Natural join switch option [DONE]

Hi

In the join transformation, could we have a 'natural mode' switch to make join on all the common fields between the 2 tables.

Regards

Hi

I have to migrate a kimball style datawarehouse to a datalake so I need to generate flat files from star/snowflake schema

i.e.:
sales fact → product → product sub category → product category
sales fact → geography → sales territory
sales fact → promotion
I would like to create a loop that browse up the foreign keys and create a flat file containing the facts and all the dimension attributes
I can’t do it because I need to define case by case the matching columns in the EM Join table transformation.
A natural join transformation would make the join on all the matching column names and inject all the non matching columns.
It would reproduce the behavior of the Join instruction of Qlik.
Used in an iterate loop, I could have an automated process to migrate datawarehouses to data catalog and be sure I don’t miss a column

Regards

1 Like

Hello Christophe,

I’m not sure if it can help, and others might have better ideas, but my initial try on this would be as follows:

  1. In a parent module, provide the two table(s) to be joined (e.g. dbo.fact_Sales and dbo.dim_Promotion)
  2. In the same parent module, fetch the fieldnames of each of these tables (e.g. if it’s about database tables, you might use the sys information schema)
  3. Identify which fieldnames appear more than once (e.g. grouped by fieldname, count and concatenate the tables) and filter on these fields - lets call them joinfield_names
  4. Split the concatenation of tables into distinct rows, and aggregate again - this time grouping by table_name and concatenating the joinfield_names
  5. Process the concatenation of joinfield_names so that you can evaluate them (using eval) as a unique join key when passing them in a submodule.
  6. Pass the table_name and joinkey computation as parameters to a submodule
  7. In the submodule, load all data of both tables separately. Compute the joinkey as a new field on both side using eval(). Then join on this joinkey field, and drop this field.
  8. Do this join on both sides and append both result tables.
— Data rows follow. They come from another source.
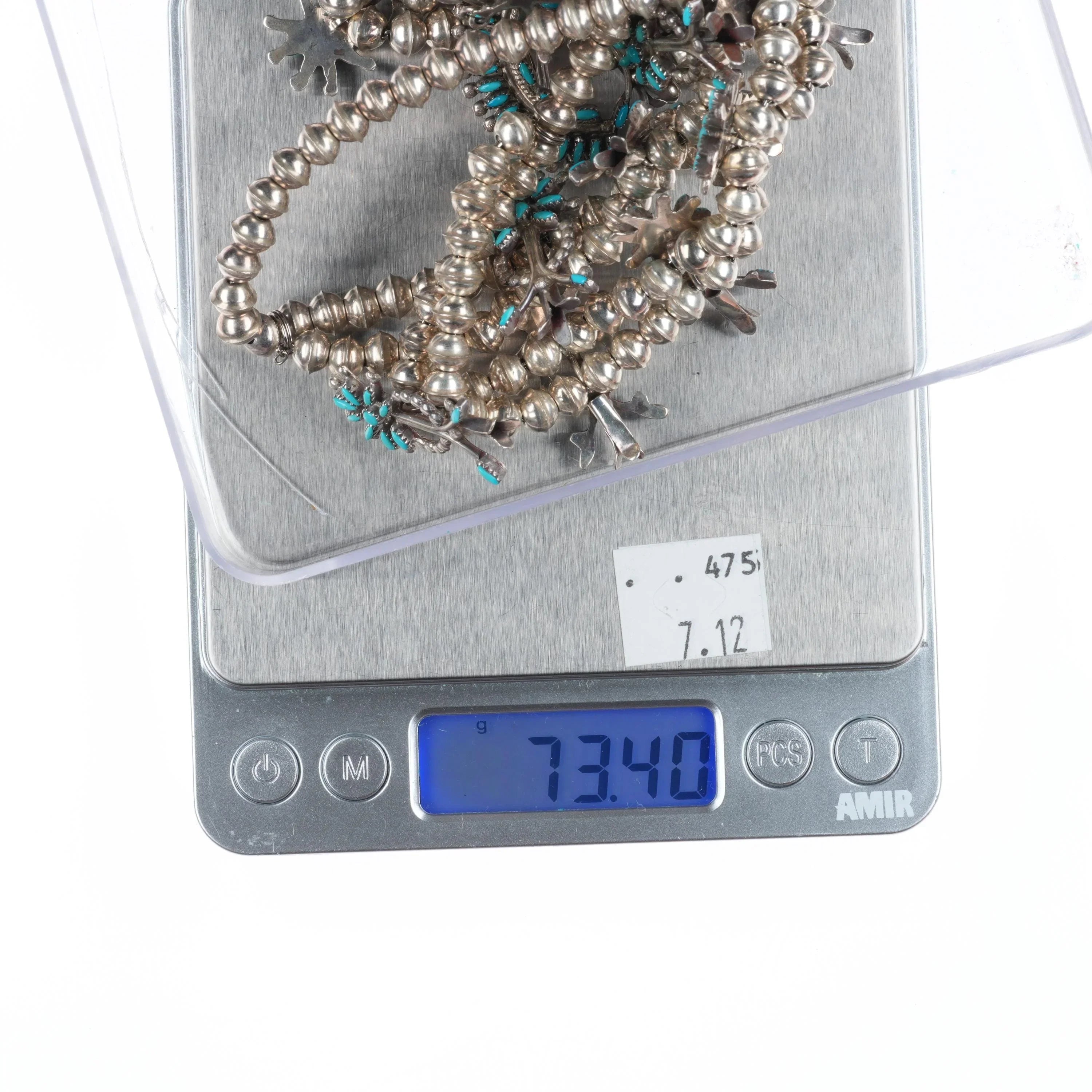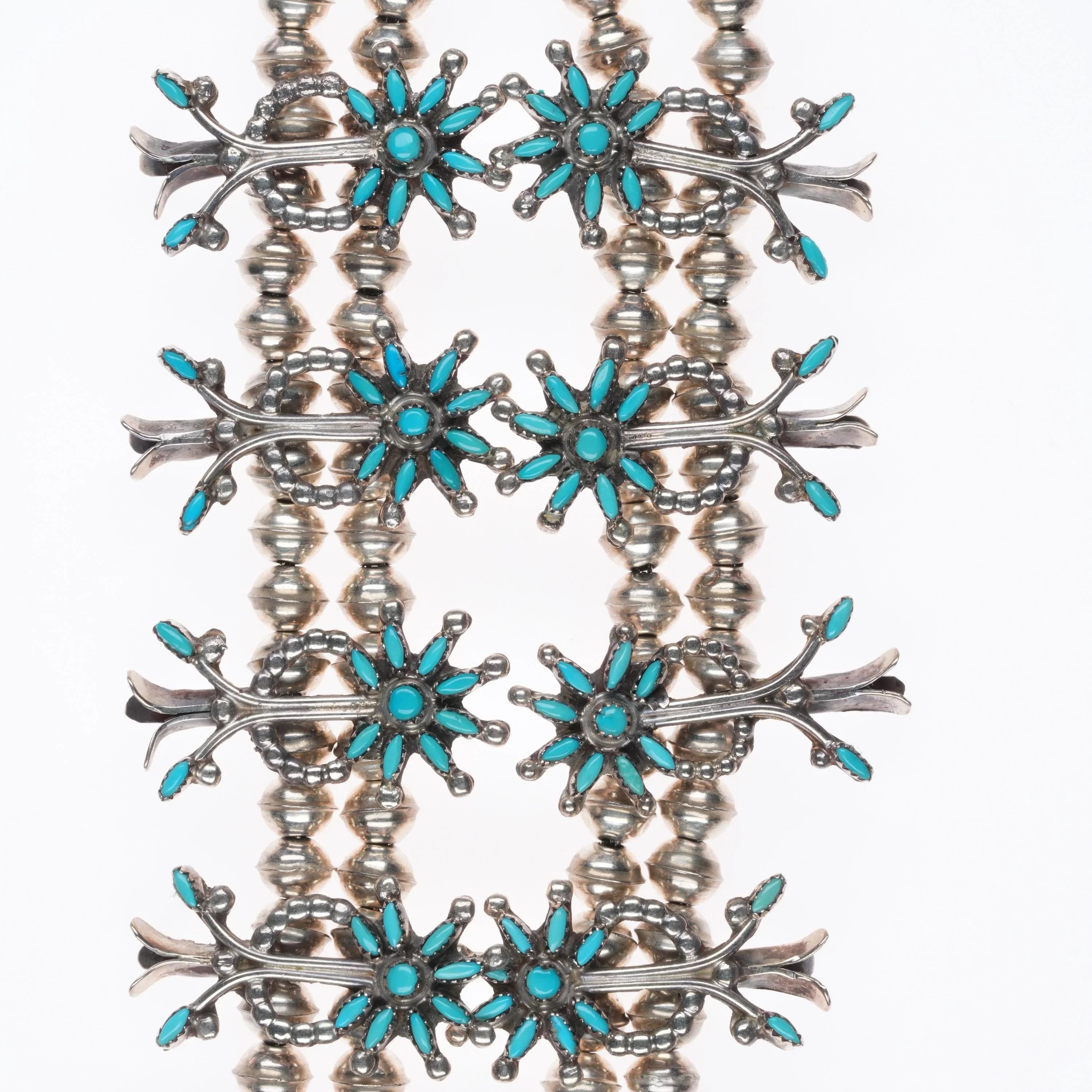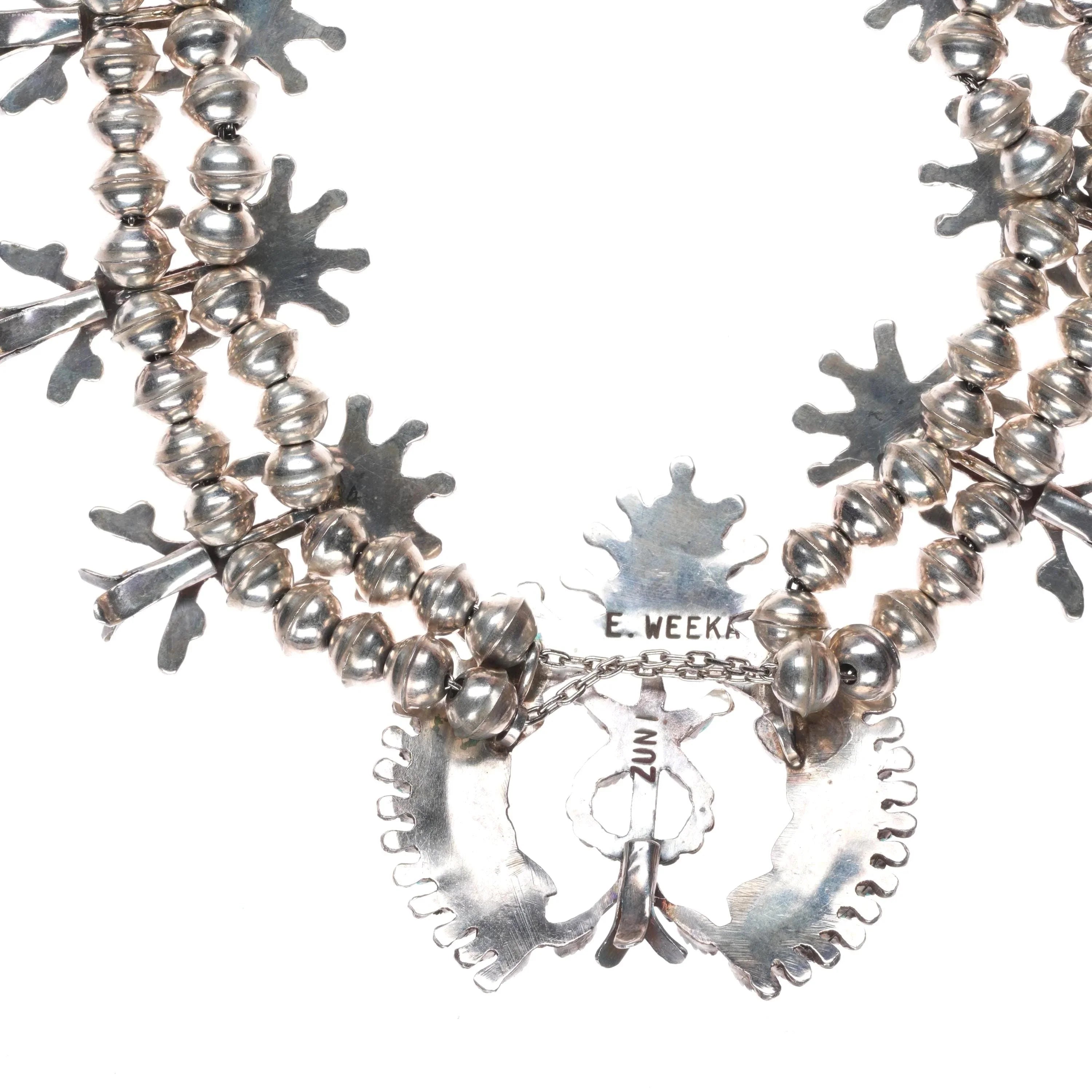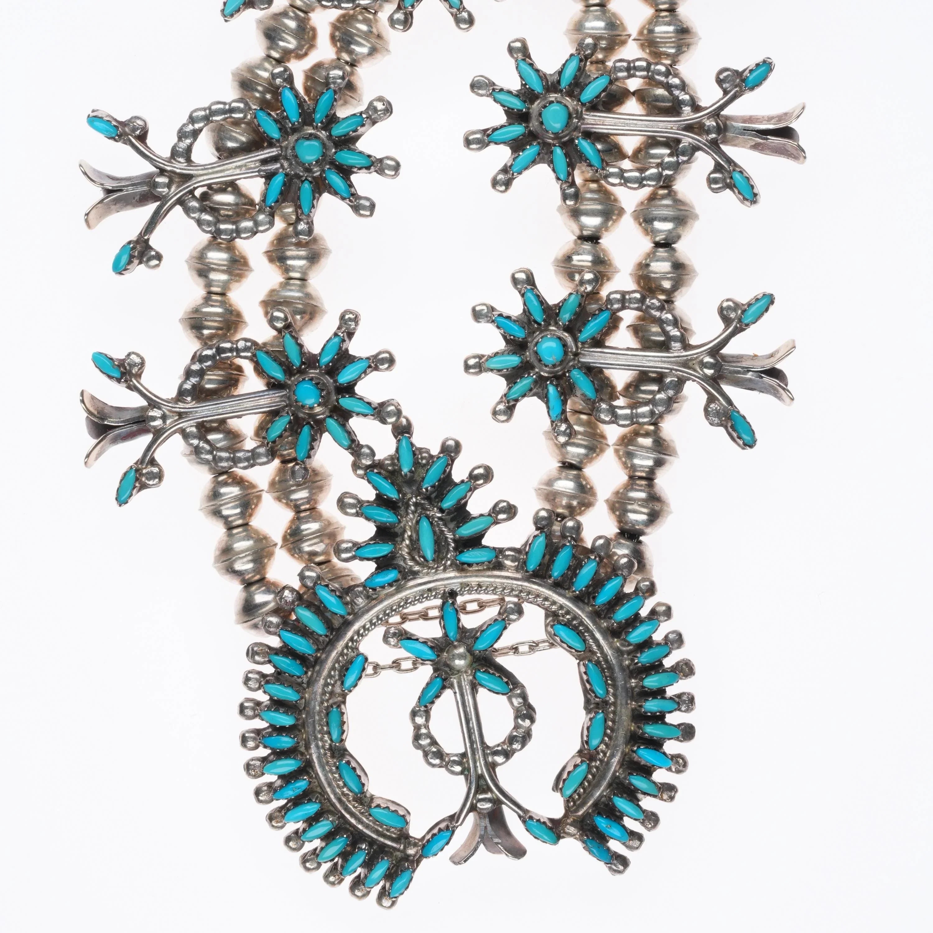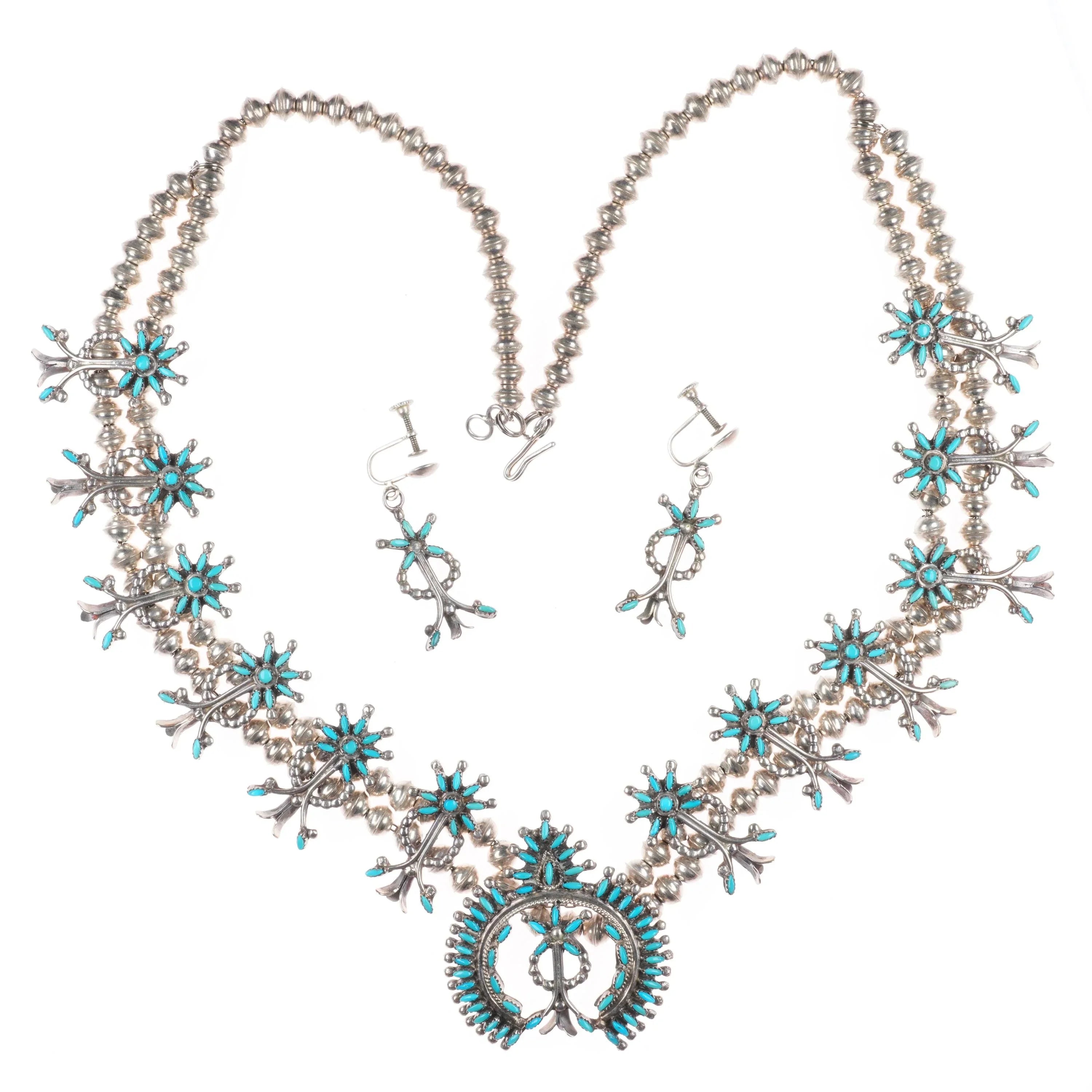 Weeka Zuni needlepoint turquoise squash blossom necklace/earring sterling silver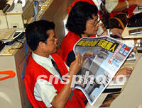 組圖:美國受襲后港股市、聯(lián)交所照常開市 2001年09月12日 14:44 ![]() 美國遭受恐怖襲擊后,股市無限期停止。今日香港股市正常開市。中新社記者 任海霞 攝 ![]() 美國遭受歷史上最嚴(yán)重的恐怖襲擊后,九月十二日早晨許多香港市民來到銀行焦急地查看股市行情,關(guān)注股市的變化。中新社記者 任海霞 攝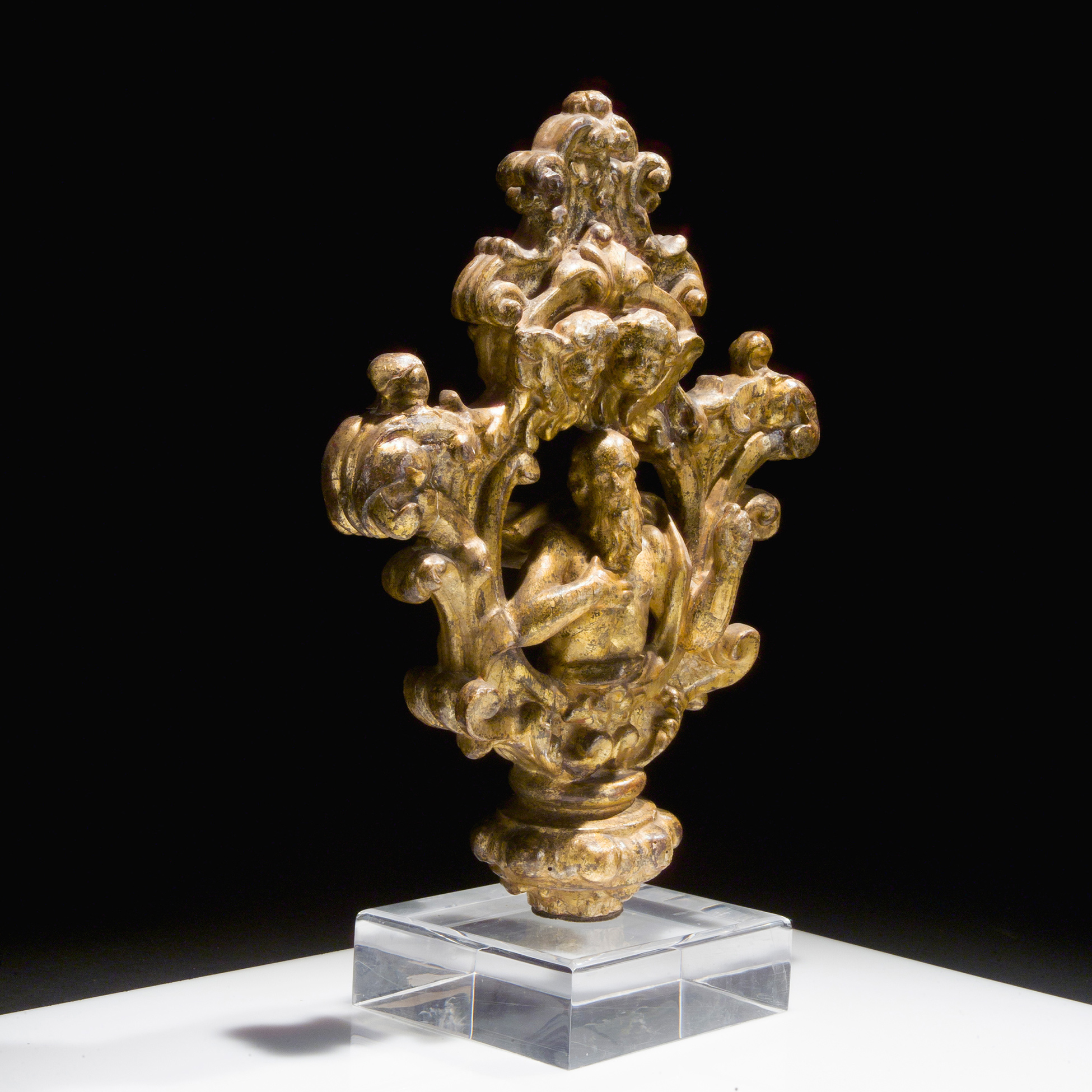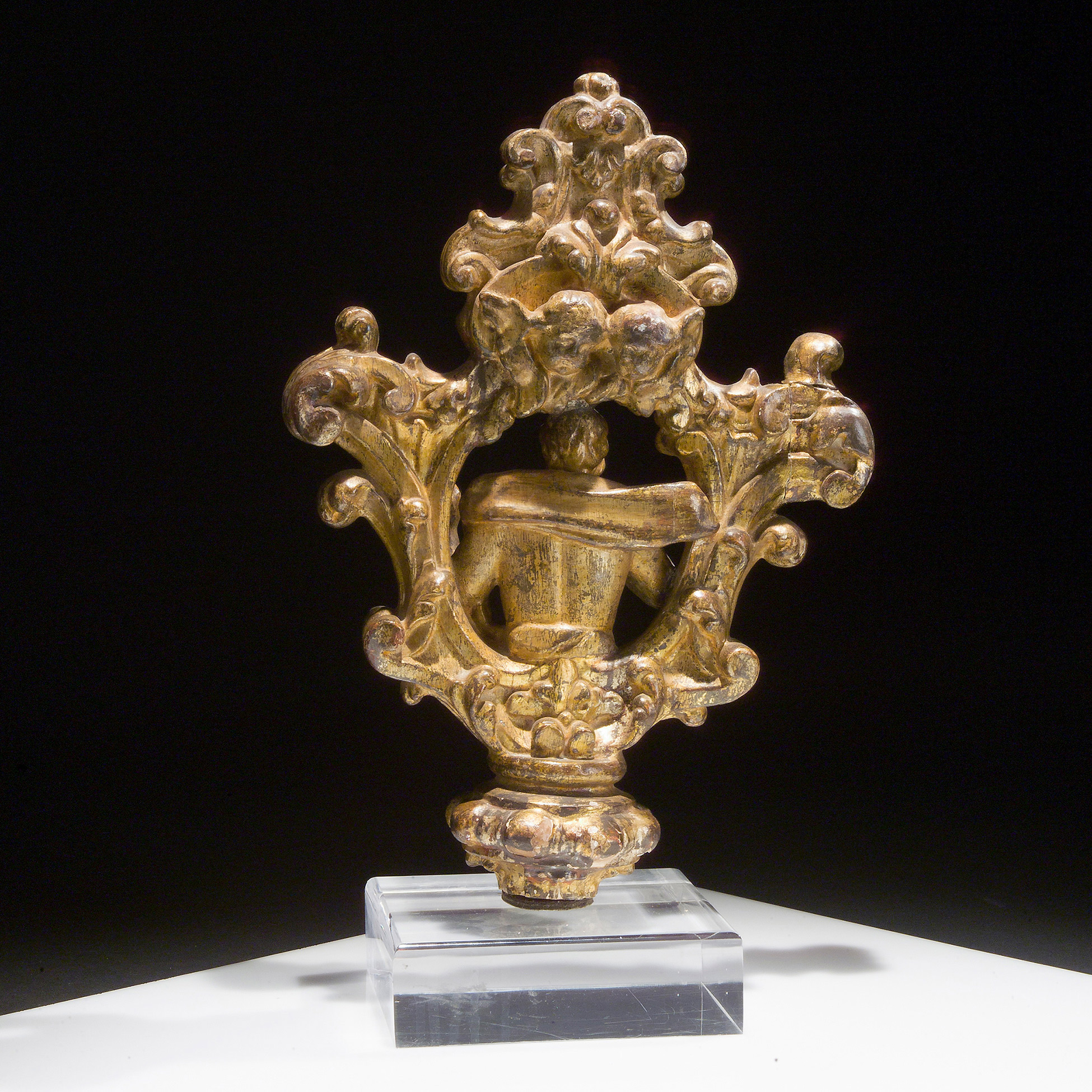 Antico puntale in legno dorato, dotato di base in plexiglass. Dimensioni complessive 37x23.5x11.5 cm.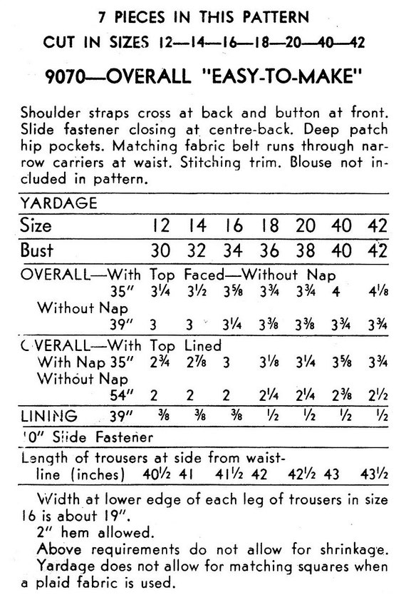 Pdf 1940s Pattern Land Girl Dungarees Pants Playsuit Cap Mult Vintage Sewing Pattern Company

I have sketched it out in a small .morph project (simplified into a single module), but in doing this I realize:

  • this approach would become quite more complex if you want to join more than two tables at once. I wouldn’t know how to do this in EasyMorph.
  • I’m not sure how to make the ‘Merge’ dynamic in terms of the attribute fields, which will be different for each table set. In the example, the joining of the ‘Description’ field is hard-coded.
  • Because of these limitations, I would tend to do the submodule work (loading the tables and joining them with all attributes) in a SQL Command action

KR

David
idea_for_Natural join switch option.morph (14.4 KB)

Note that, given this is a feature request, the addition of a ‘natural join’ option would indeed be great (to avoid the logic I describe above).
In this same regard, it would be great if the Merge action was expanded by:

  • allowing a switch to select all fields as fields to join (instead of a checkbox for each specific field)
  • allowing an option to automatically join based on equal field names
  • allowing a switch to join regardless of data type (making that text(1) and numeric(1) would be joined - in the current version, the join keys need to have the same data type in both tables)
  • allowing a switch to explicitly allow/disallow joining on empty fields (in the current version, this join is always allowed - so empty values in the join fields are treated as a match)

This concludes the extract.